Collected material

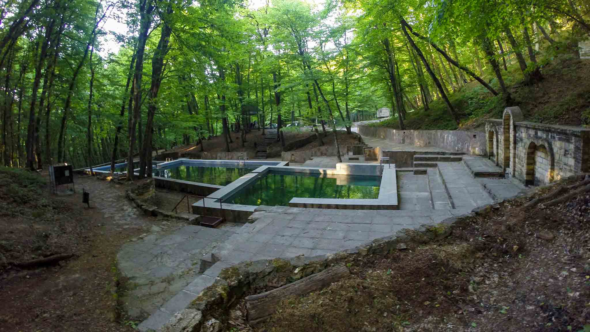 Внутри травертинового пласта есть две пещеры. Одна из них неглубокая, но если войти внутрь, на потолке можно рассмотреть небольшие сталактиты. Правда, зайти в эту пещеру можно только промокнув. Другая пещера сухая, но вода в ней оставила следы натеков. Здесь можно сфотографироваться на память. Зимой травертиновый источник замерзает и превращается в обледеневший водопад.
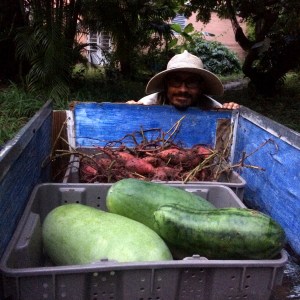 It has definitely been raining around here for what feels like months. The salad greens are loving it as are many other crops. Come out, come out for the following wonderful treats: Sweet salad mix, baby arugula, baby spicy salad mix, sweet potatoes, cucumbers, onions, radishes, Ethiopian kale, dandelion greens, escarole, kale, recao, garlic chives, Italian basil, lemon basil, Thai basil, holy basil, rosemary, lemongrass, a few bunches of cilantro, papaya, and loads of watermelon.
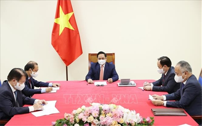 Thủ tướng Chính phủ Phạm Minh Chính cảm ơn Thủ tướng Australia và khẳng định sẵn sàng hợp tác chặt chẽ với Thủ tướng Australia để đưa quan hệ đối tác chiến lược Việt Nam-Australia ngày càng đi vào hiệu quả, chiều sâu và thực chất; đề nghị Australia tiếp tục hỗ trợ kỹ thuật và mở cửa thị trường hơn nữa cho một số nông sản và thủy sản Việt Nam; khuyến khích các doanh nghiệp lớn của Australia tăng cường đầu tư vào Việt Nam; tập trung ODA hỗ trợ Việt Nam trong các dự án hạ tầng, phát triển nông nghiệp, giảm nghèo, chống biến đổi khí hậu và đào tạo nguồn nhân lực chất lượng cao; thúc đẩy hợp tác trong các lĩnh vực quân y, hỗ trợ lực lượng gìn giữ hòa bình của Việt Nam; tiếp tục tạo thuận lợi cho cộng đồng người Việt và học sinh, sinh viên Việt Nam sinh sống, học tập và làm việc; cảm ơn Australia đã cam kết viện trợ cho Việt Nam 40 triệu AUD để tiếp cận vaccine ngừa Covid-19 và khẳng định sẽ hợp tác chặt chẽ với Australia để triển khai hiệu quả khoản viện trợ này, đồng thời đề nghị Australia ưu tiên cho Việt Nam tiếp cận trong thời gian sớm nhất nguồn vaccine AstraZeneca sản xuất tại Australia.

What needs to be done
Wherever a picture appears in the material above, skip it and copy the rest without change.

The completed task
 Внутри травертинового пласта есть две пещеры. Одна из них неглубокая, но если войти внутрь, на потолке можно рассмотреть небольшие сталактиты. Правда, зайти в эту пещеру можно только промокнув. Другая пещера сухая, но вода в ней оставила следы натеков. Здесь можно сфотографироваться на память. Зимой травертиновый источник замерзает и превращается в обледеневший водопад.
 It has definitely been raining around here for what feels like months. The salad greens are loving it as are many other crops. Come out, come out for the following wonderful treats: Sweet salad mix, baby arugula, baby spicy salad mix, sweet potatoes, cucumbers, onions, radishes, Ethiopian kale, dandelion greens, escarole, kale, recao, garlic chives, Italian basil, lemon basil, Thai basil, holy basil, rosemary, lemongrass, a few bunches of cilantro, papaya, and loads of watermelon.
 Thủ tướng Chính phủ Phạm Minh Chính cảm ơn Thủ tướng Australia và khẳng định sẵn sàng hợp tác chặt chẽ với Thủ tướng Australia để đưa quan hệ đối tác chiến lược Việt Nam-Australia ngày càng đi vào hiệu quả, chiều sâu và thực chất; đề nghị Australia tiếp tục hỗ trợ kỹ thuật và mở cửa thị trường hơn nữa cho một số nông sản và thủy sản Việt Nam; khuyến khích các doanh nghiệp lớn của Australia tăng cường đầu tư vào Việt Nam; tập trung ODA hỗ trợ Việt Nam trong các dự án hạ tầng, phát triển nông nghiệp, giảm nghèo, chống biến đổi khí hậu và đào tạo nguồn nhân lực chất lượng cao; thúc đẩy hợp tác trong các lĩnh vực quân y, hỗ trợ lực lượng gìn giữ hòa bình của Việt Nam; tiếp tục tạo thuận lợi cho cộng đồng người Việt và học sinh, sinh viên Việt Nam sinh sống, học tập và làm việc; cảm ơn Australia đã cam kết viện trợ cho Việt Nam 40 triệu AUD để tiếp cận vaccine ngừa Covid-19 và khẳng định sẽ hợp tác chặt chẽ với Australia để triển khai hiệu quả khoản viện trợ này, đồng thời đề nghị Australia ưu tiên cho Việt Nam tiếp cận trong thời gian sớm nhất nguồn vaccine AstraZeneca sản xuất tại Australia.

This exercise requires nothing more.